Einfach machen, nicht zu viel grübeln, mit Freude vorwärtsgehen: Diese Einstellung findet sich auf Teichmanns rechtem Unterarm in Form eines Tattoos wieder. Es ist eine Gleichung als Anleitung: Leben = (Wissen + Können) x Attitüde. Sie bedeutet für die Athletin: Man kann viel wissen und können, aber fürs Leben wirklich wichtig ist die eigene Einstellung, die Haltung.
Wie wahr das ist, hat ihr das Jahr 2019 wieder aufgezeigt. Denn ihr erster Turniersieg auf der WTA-Tour Ende April in Prag hat sich alles andere als abgezeichnet. Das halbe Jahr davor hatte sie gut gespielt, aber keine Resultate gebracht. Immer knapp verloren und oft nicht gewusst, an was es lag. Dann leidet sie an einer kleinen Zerrung, muss das Turnier in Stuttgart absagen und geht stattdessen nach Prag – wo sie zuerst drei Qualifikationsrunden überstehen muss. Einmal regnet es den ganzen Tag, die letzte Qualifikations-Partie spielt sie am selben Tag wie die erste Runde des Hauptturniers. Teichmann nimmt Tag für Tag. «Das sagt man so, aber es zu leben, ist gar nicht so einfach.» Oft ist sie mit ihrer Energie und Kraft am Anschlag, schläft nicht mehr gut, weil ihr so vieles wehtut – und dann steht sie ausgerechnet gegen ihre gute Kollegin Karolina Muchova im Final. Teichmann bekommt Krämpfe, denkt, sie müsse aufgeben, nachdem sie so weit gekommen sei. Und findet doch einen Weg, trifft die richtigen Entscheidungen. «Das Turnier hat mir gezeigt: Man kann immer mehr, als man meint.»
Ende Juli doppelt sie mit dem Turniersieg in Palermo nach, auch dort auf ihrer Lieblingsunterlage Sand. Und erreicht mit Platz 54 ihre bisher beste Position im WTA-Ranking. Mittlerweile ist sie die Nummer 2 der Schweizer Tennisspielerinnen. «Die Siege haben mich sicher weitergebracht. Ich habe mir immer gesagt, dass ich es kann. Aber das hat es endlich bestätigt.»

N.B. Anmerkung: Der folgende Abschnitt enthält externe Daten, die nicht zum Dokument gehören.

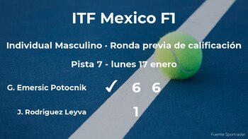 El jugador esloveno Gal Emersic Potocnik venció en la ronda previa de calificación del torneo de Cancún por 6-1 y 6- a Juan Manuel Rodriguez Leyva, tenista mexicano. Con este resultado, el ganador estará en la siguiente ronda del torneo de Cancún.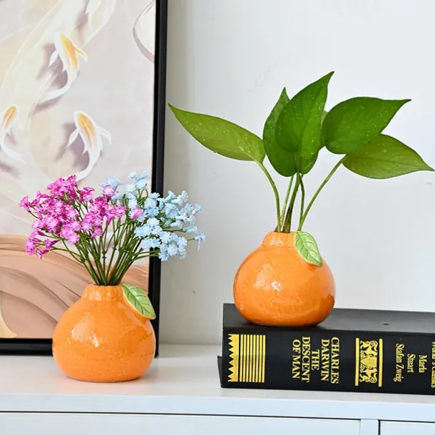Ceramic Mini Vase, Creative Hydroponic Planter for Green Plants, Lucky Pennywort & Fresh Flowers, Tabletop Decoration for Living Room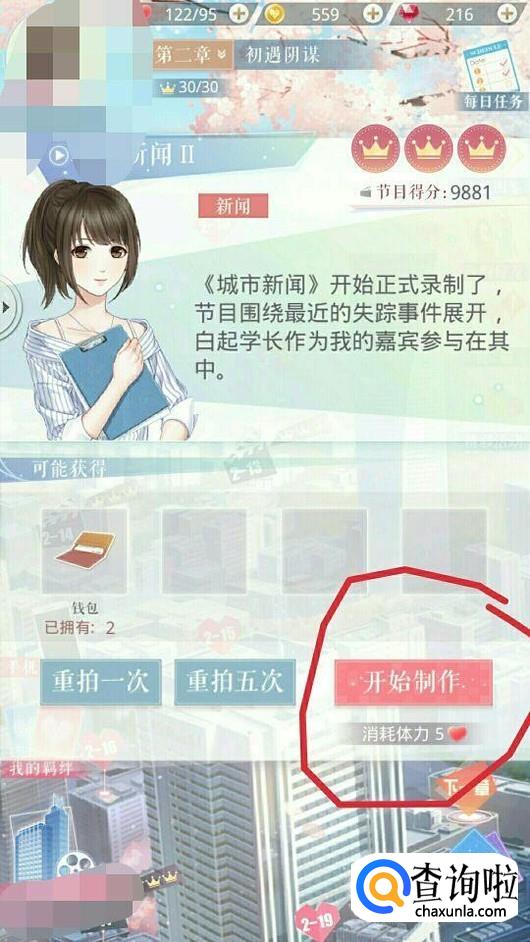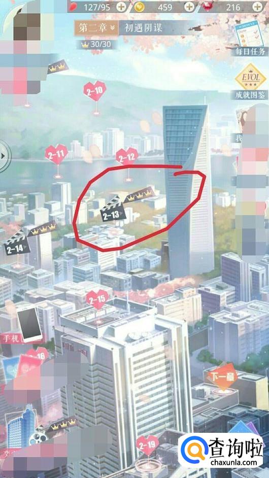 首先下载安装,并打开恋与制作人的 APP,点击【开始】在普通关卡中找到关卡2―13,并点击,如图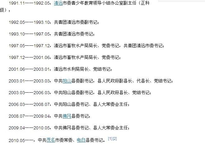 QUOTE(黑眼睛 @ 2011年06月25日 Saturday, 12:42 PM) 2010年已经是电白县的县委书记? [snapback]3168177[/snapback] 是网络上的失误吧,应该是2011年5月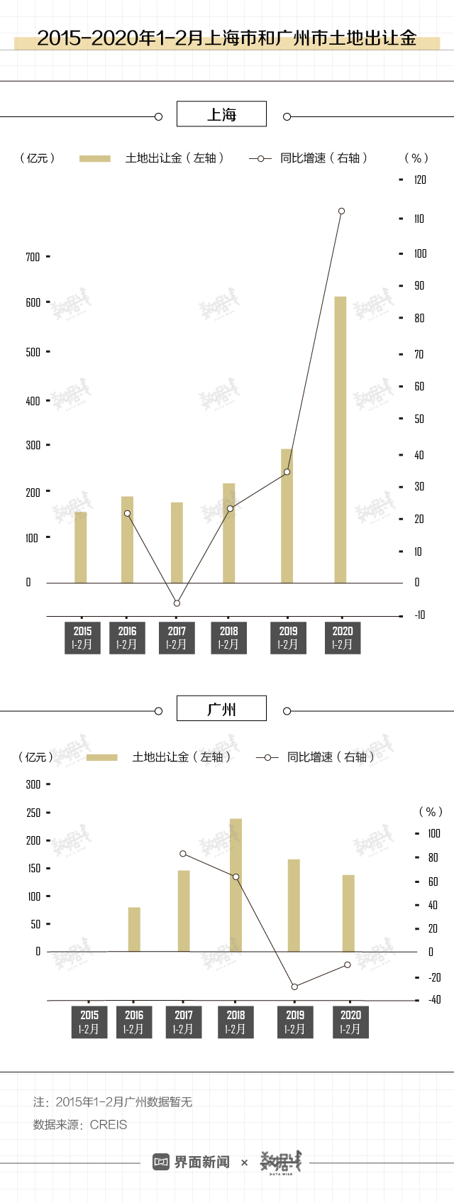 不止北京。CREIS数据显示,2020年1月-2月,上海市土地出让金总额达到619亿元,比去年同期高出1倍多,创下自2015年以来新高。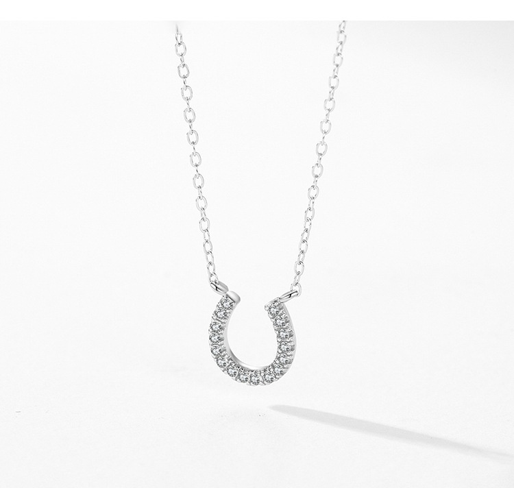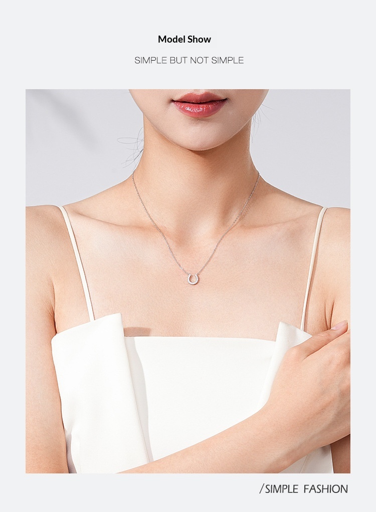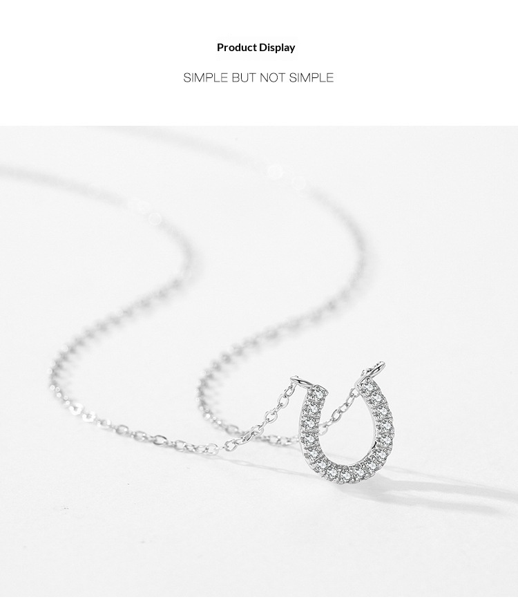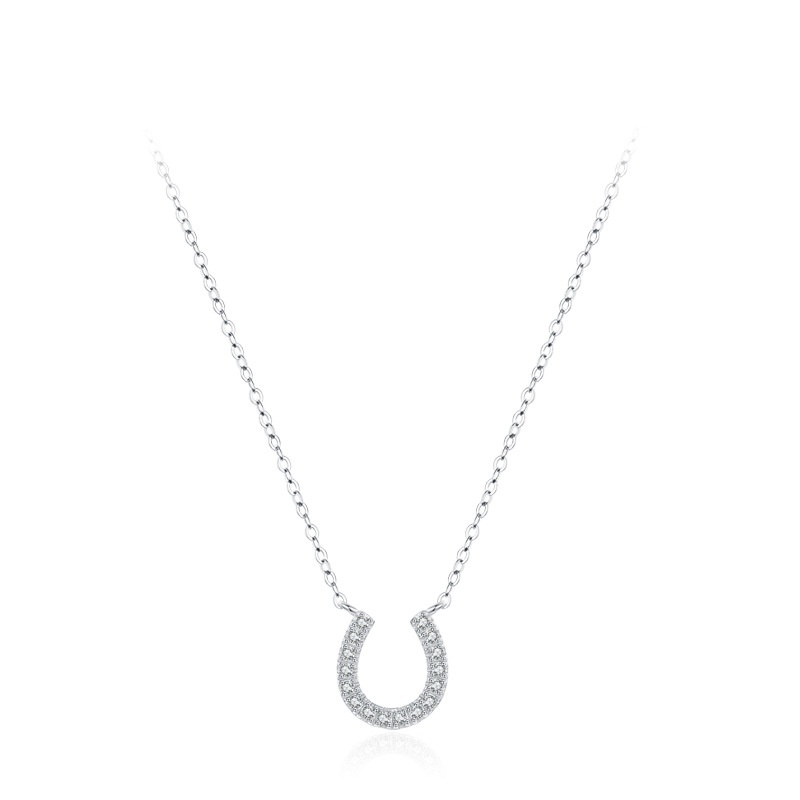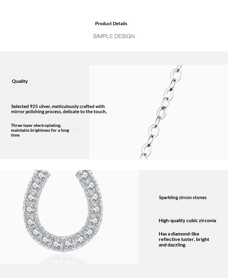 S925 Sterling Silver U-Shaped Simulated Diamond Pendant Necklace For Women

Hat Jil nach strengen Turnierwochen zwei, drei Tage Pause, fliegt sie oft zuerst in die Schweiz, um ihre Eltern zu besuchen. Der jüngere Bruder Raul, benannt nach Real-Madrid-Legende Raúl González, verfolgt seine Tenniskarriere seit einem Jahr an der Universität in Cleveland, USA. Ist Teichmann zurück in Barcelona, bedeutet das für sie Training. An der spanischen Küste hat sie viele Freundinnen, die auch Tennisspielerinnen sind und das verrückte und auch entbehrungsreiche Leben nachvollziehen können. Und mit ihr abends die zahlreichen Restaurants in Barcelona geniessen, auch mal ein Glas Wein trinken, wenn sie gerade nicht irgendwo auf der Welt ein Turnier spielen. «Neben dem Tennis ein ganz normaler Mensch zu sein, brauche ich als Ausgleich, sonst würde ich ja durchdrehen. Ich bin ein geselliger Mensch, lache gern.» Und braucht sie doch einmal Ruhe, schnappt sie sich die beiden Hunde ihrer Eltern und verzieht sich ein paar Stunden in die Berge. Nach ihrem Bezug zur Heimat braucht man sie wohl nicht mehr zu fragen.